Tumor-associated macrophages (TAMs) can have protumor properties, including suppressing immune responses, promoting vascularization and, consequently, augmenting tumor progression. To stop TAM-mediated immunosuppression, we use a novel treatment by injecting antibodies specific for scavenger receptor MARCO, which is expressed on a specific subpopulation of TAMs in the tumor. We now report the location of this TAM as well as the pleiotropic mechanism of action of anti-MARCO antibody treatment on tumor progression and further show that this is potentially relevant to humans. Using specific targeting, we observed decreased tumor vascularization, a switch in the metabolic program of MARCO-expressing macrophages, and activation of natural killer (NK) cell killing through TNF-related apoptosis-inducing ligand (TRAIL). This latter activity reverses the effect of melanoma cell-conditioned macrophages in blocking NK activation and synergizes with T cell-directed immunotherapy, such as antibodies to PD-1 or PD-L1, to enhance tumor killing. Our study thus reveals an approach to targeting the immunosuppressive tumor microenvironment with monoclonal antibodies to enhance NK cell activation and NK cell-mediated killing. This can complement existing T cell-directed immunotherapy, providing a promising approach to combinatorial immunotherapy for cancer.

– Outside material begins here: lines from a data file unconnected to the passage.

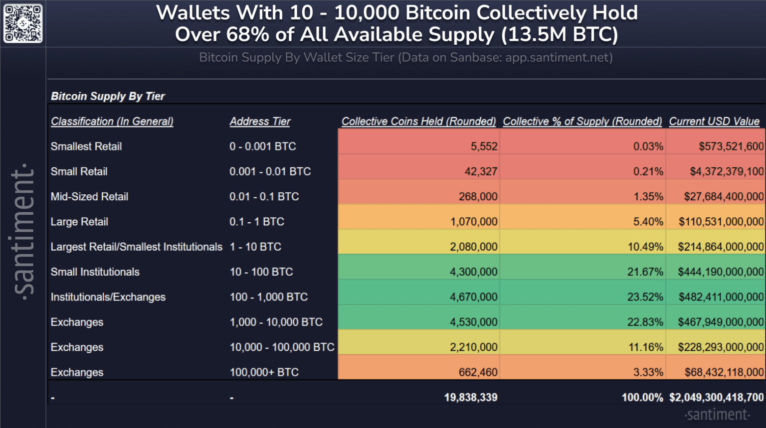 Bitcoin Wallets With 10-10K BTC Hold Just Over Two Thirds of Entire Supply
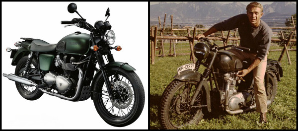 Triumph Bonneville T100: Steve McQueen Edition. That's right: a Steve McQueen edition. Once an avid Triumph rider known for zipping around the outskirts of Los Angeles on a Bonneville, The King of Cool gets a tribute from the British motorcycle manufacturer with this matte-racing green debut. Those who've watched The Great Escape will remember the stunts McQueen did himself, including a maneuver that involved scaling a fence...on a Triumph Bonneville.
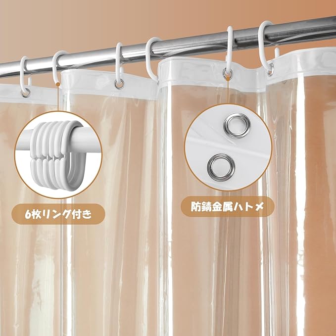 【透明なデザイン】シンプルなクリアシャワーカーテンなので、バスルームがいつも明るく見えます。
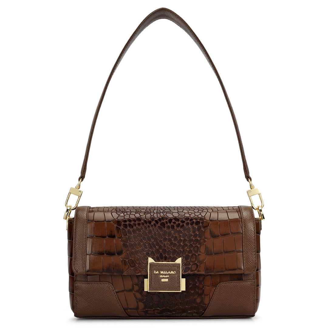 Small Croco Franzy Leather Shoulder Bag - Walnut
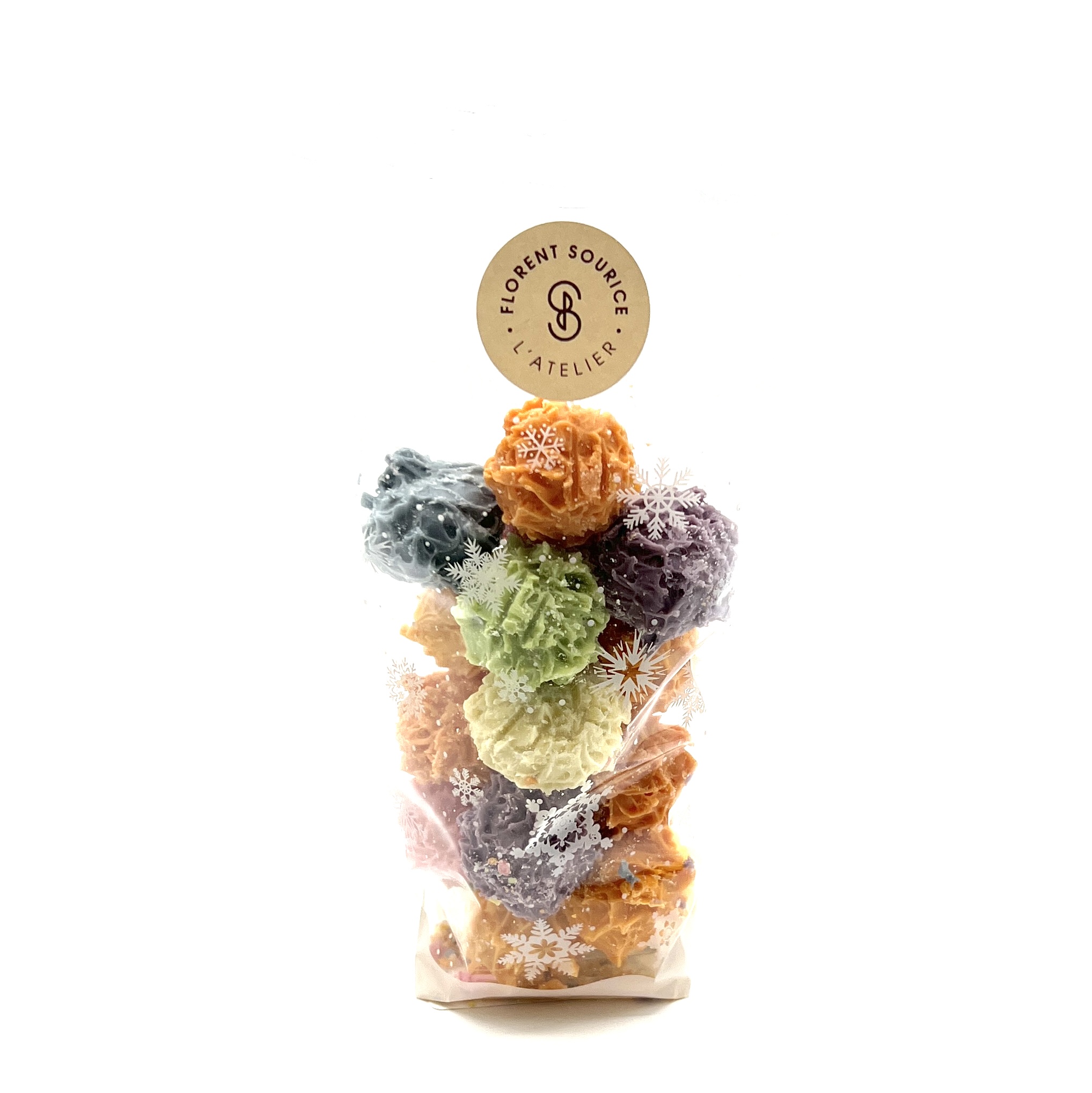 Ingrédients :chocolat blanc (beurre de cacao, sucre, matière grasse anhydre, lait, émulsifiant : lécithine de soja), Ratafia, Cognac, Génépi, Calvados, Myrtille, Poire Williams, Marc de Champagne.
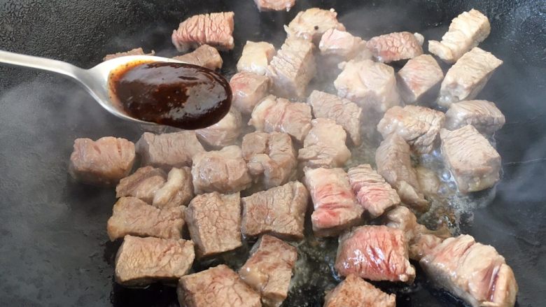 11. 倒入煎炒好的黑胡椒牛肉粒。
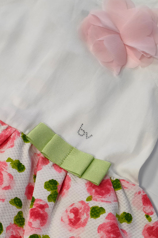 Vestitino in tessuto operato fantasia floreale con nastro in raso e strass
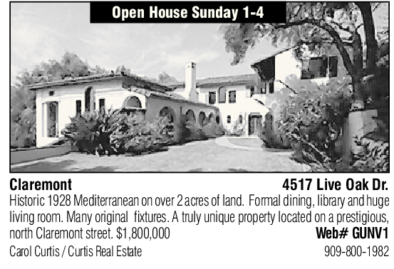 Open House Sunday 1-4 Claremont 4517 Live Oak Dr. living room. Many original fixtures. A truly unique property located on a prestigious, Historic 1928 Mediterranean on over 2 acres of land. Formal dining, library and huge north Claremont street. $1,800,000 Web# GUNV1 Carol Curtis / Curtis Real Estate 909-800-1982 See also
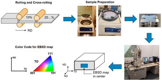 For examining texture and microstructure evolution under electron backscatter diffraction (EBSD) analysis, samples were cut from the center of the deformed metal and cold-mounted. Figure 1 illustrates the step-by-step process of acquiring orientation maps through the EBSD test. The metallographic samples were cold-mounted using resin epoxy and then ground using silicon carbide grinding paper with varying grades (240/480/600/800/1200) to achieve a smooth surface. Ultrasound cleaners were employed to remove any debris remaining on the sample surfaces after grinding. The samples were further polished using diamond particle solutions with particle sizes of 9, 3, and 1 µm. In order to obtain an optimal surface quality for EBSD characterization and enhance the indexation, vibrational polishing was conducted for 3 h using 0.05 µm diamond particle solutions. The prepared specimens were subjected to EBSD testing using a Hitachi SU-70 field emission gun scanning electron microscope. The analysis focused on the central area of the specimen, with the RD positioned perpendicular to the surface, i.e., the EBSD testing was performed on sections along the ND and TD. The ATEX software [11] was used to analyze the EBSD data and generate various representations such as the EBSD map, Pole Figure (PF), and the Inverse Pole Figure (IPF). Figure 1 also displays the color code and the designated TD-ND section used for all EBSD maps.
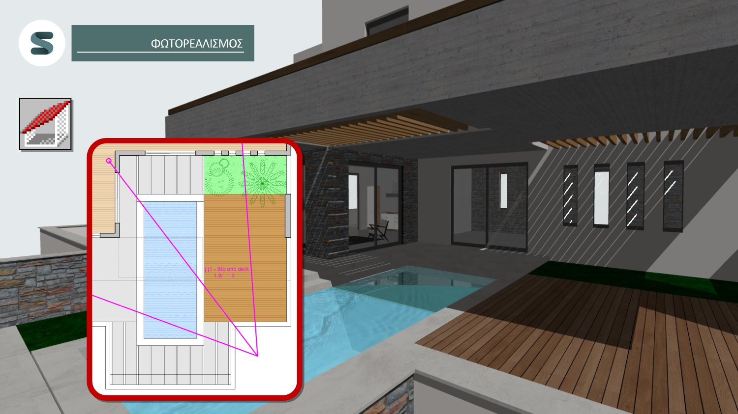 Με δυνατότητα αυτόματης παραγωγής φωτορεαλιστικής απεικόνισης από το 3D περιβάλλον. Μετά την παραγωγή παραμένει στην κάτοψη παρατηρητής από τον οποίο μπορείτε να ανακαλέσετε το συγκεκριμένο view.

Keywords: immunotherapy; melanoma; tumor associated macrophages.

Fig. 1.

MARCO⁺ TAMs have a perivascular phenotype, and targeting results in less vessel tortuosity inside the tumor. (A) Phenotyping of MARCO⁺ TAMs compared with other TAMs in untreated B16 melanoma tumors on day 10. Pregating on CD45⁺ CD11b⁺ F4/80⁺. Mean fluorescence intensity (MFI) is shown. n = 9. (B) MARCO⁺ cells are mostly not located in hypoxic areas. Mice were injected i.p. with pimo 2 h before tumor collection on day 10. Representative staining of untreated B16 tumor. n = 3. (Scale bar: 50 µm.) (C) MARCO⁺ cells are closely located to CD4⁺ cells. Representative image. n = 3. (Scale bar: 50 µm.) (D) MARCO⁺ cells are in proximity to CD8⁺ cells. Representative image. n = 3. (Scale bar: 50 µm.) (E) MARCO⁺ cells are negative for proliferation marker Ki-67. Representative image. n = 3. (Scale bar: 50 µm.) (F) MARCO+ macrophages are closely located to blood vessels defined by CD31 expression. A representative image is shown from an untreated B16 tumor on day 10 (Scale bar: 50 µm.) (G) Representative images from whole tumor imaging following the iDISCO method. Tumors were stained for CD31 on day 10. n = 3 per group. (H) Decreased tortuosity of vessels after anti-MARCO Ab treatment analyzed by whole tissue imaging. Tortuosity reflects the ratio of chord length to curved length. Data are expressed as mean ±SD; P values calculated by Mann-Whitney U test.

Fig. 2.

Targeting of MARCO by monoclonal antibodies leads to antibody internalization and metabolic changes. (A) Representative image of internalized MARCO on peritoneal macrophages after 3 h of stimulation. Cells were pretreated with Fc block for 30 min before labeled anti-MARCO Ab was added to the cultures. On the right side is the quantification of all time points. MFI is shown. A representative experiment of three independent experiments is shown. (B) Internalization of MARCO by WT and FcγR/IIb KO peritoneal macrophages. Cells were incubated with labeled anti-MARCO Ab or rat IgG1 isotype control for the stated time before being analyzed on the image stream. MFI is shown. One experiment with two replicates was performed. (C) Tumor size of B16 melanoma tumors on day 10 in untreated and anti-MARCO Ab-treated mice from WT or P2X7R KO mice. n = 4 or 5 per group. (D) Tumor size of B16 melanoma tumors on day 10 in PBS-treated and anti-MARCO Ab-treated mice from WT or NLRP3 KO mice. n = 4 or 5 per group. (E) MARCO⁺ peritoneal macrophages were stimulated for 24 h and analyzed for glycolysis and glycolytic rate. The extracellular acidification rate (ECAR) was measured with a Seahorse XFe96 analyzer. One representative experiment out of five is shown. Data are expressed as mean ± SD, except in C, where data are mean ± SEM. P values were calculated using the Mann–Whitney U test, except in A and B, where one-way ANOVA was used.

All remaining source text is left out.